It is usually not required for each tile to know its own x, y and z coordinates. These are usually inferred from their position in the data-structure which stores the tiles. But there are a few situations where it actually can be useful, so I am giving you the benefit of a doubt.

When your map is static (does not change during the game, or at least doesn't change much), then you might want to consider to add a complete copy of your map as an asset to your game client. That way the server doesn't need to send any map data to the clients (except maybe through the pre-game auto updater).

If your game has a dynamic map (it is altered during gameplay), then you might want to send it to the player in form of chunks (rectangular cells of map data). When you send the client a chunk, you don't need to send the x, y and z coordinate of every single tile. You just need to tell the coordinates where the chunk starts, its width and height (number of layers will likely be constant) and then a long list of id's.
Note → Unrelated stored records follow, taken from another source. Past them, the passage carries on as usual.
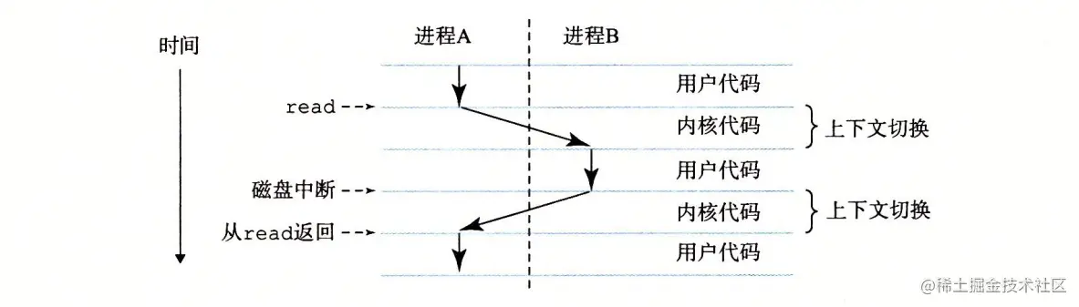 从一个进程到另一个进程的转换是由操作系统内核( kernel )管理的。
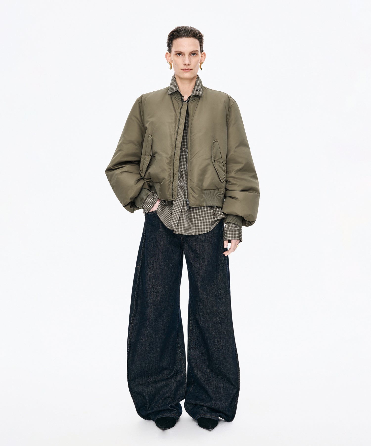 トレンド感のあるMA-1デザインに、ダウンのあたたかさをプラスしたジャケット。程よいボリュームシルエットが抜け感を演出し、スウェットやデニムと合わせるだけでこなれたストリートスタイルが完成します。軽くて暖かく、デイリーに活躍する一枚です。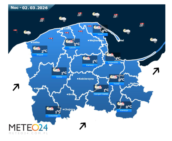 Natomiast noc z niedzieli na poniedziałek i poranek również na Pomorzu i Wybrzeżu przyniesie silne marznące mgły lub lokalne zamglenia. W zamian tego utrzyma się z nami małe i umiarkowane zachmurzenie, której jedynie nad wodami Morza Bałtyckiego i w pasie nadmorskim przyniesie ze sobą przelotne oraz ciągłe opady marznącego deszczu i deszczu ze śniegiem o słabym natężeniu. Temperatura powietrza wyniesie od 0°C do +2°C. Wiatr na ogół będzie słaby oraz umiarkowany i dość silny z południowego – zachodu. Dodatkowo w porywach będzie on dochodzić do 30-60 km/h. Ciśnienie atmosferyczne w kolejnych godzinach będzie rosnąć oraz o północy na poziomie morza wskaże 1024 hPa.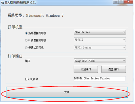 選擇對應的“型號”、“端口”,再點擊安裝。選擇58mm series型號,端口號根據實際端口號。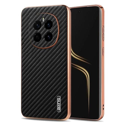Funda para Teléfono Azns con Textura de Fibra de Carbono y Borde Galvanizado para Honor Magic7 (Negra)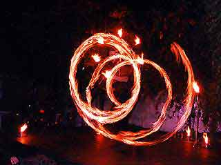 Mit "Dancing Flames" bietet Theater Unglaublich den idealen Hintergrund für kleine Feiern und festliche Anlässe. Hochzeiten, Geburtstage und Vernissagen werden von dieser 20-minütigen Feuershow optimal begleitet. Eine kraftvolle Artistik mit Fackelstock, Kettenfackeln (Pois) und dem "Planeten" wird durch das Fackelrad und klassisches Feuerspucken ergänzt.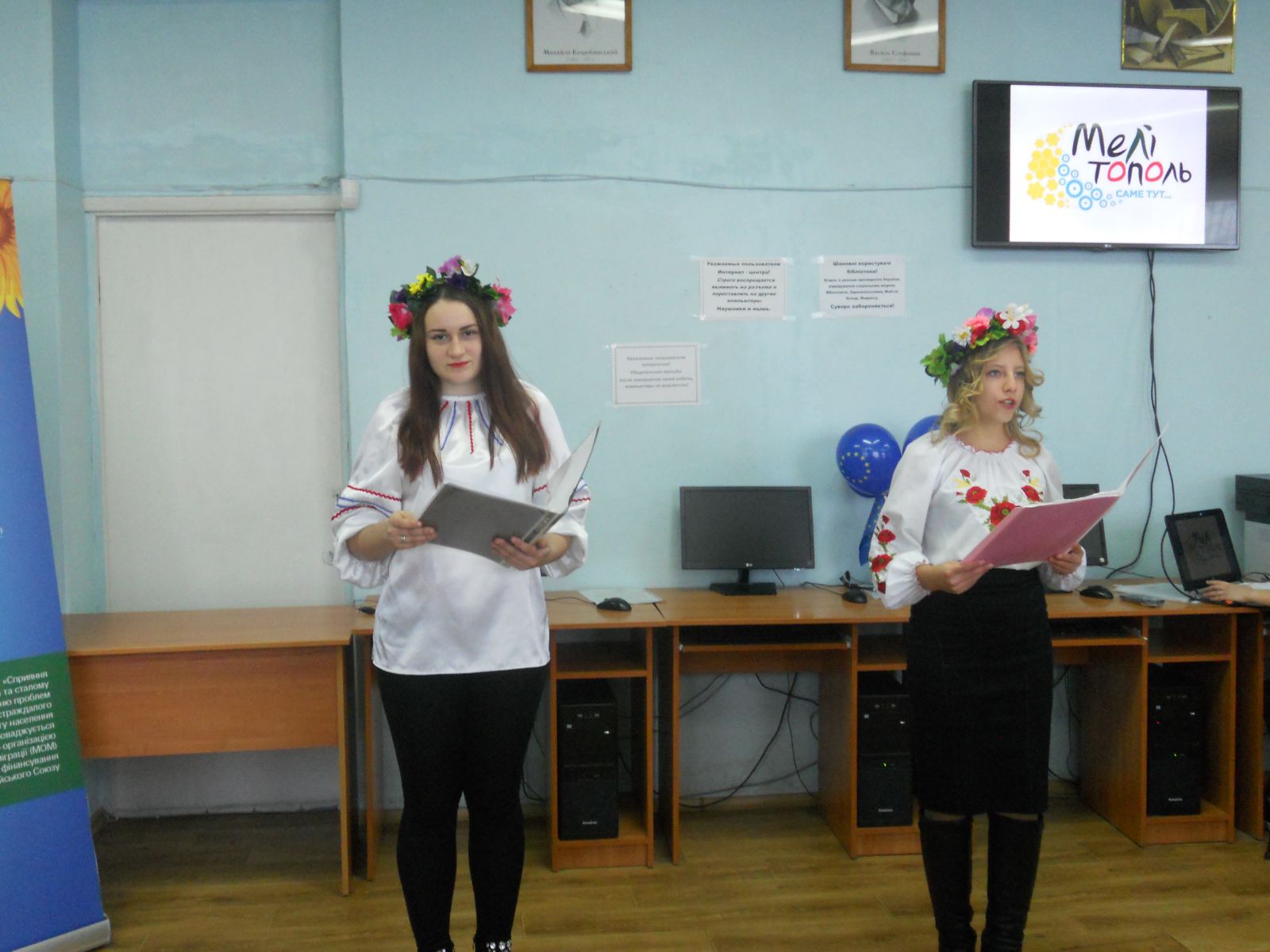 Мероприятие посетили студенты Мелитопольского высшего профессионального училища, которые подарили присутствующим свои творческие номера. В исполнении Валерии Букши прозвучали песни «Мамина сорочка» и «Чорнобривці», которые подхватили все гости библиотеки. Также студентка прочла авторское стихотворение «Сподіванка». А Елена Портян познакомила всех со своим авторским стихом «Мой город - Мелитополь».

You might be able to save some more bandwidth by running the id collection through a stock compression algorithm like Deflate or LZW. Check which algorithm gives the best results for your particular mapping style.

Also make sure you don't send any map data the client already knows. When the client walks back and forth between two points, and the terrain doesn't change, you don't need to tell it how it looks over and over again. You could solve this by either having the server remember which client already got which version of which chunk. Or you could turn it around and use a request-model where the client asks the server when it wants a chunk by telling the server the chunk-coordinates and the latest version it got. The server then either replies with a new version of that chunk or with a "chunk didn't change" message.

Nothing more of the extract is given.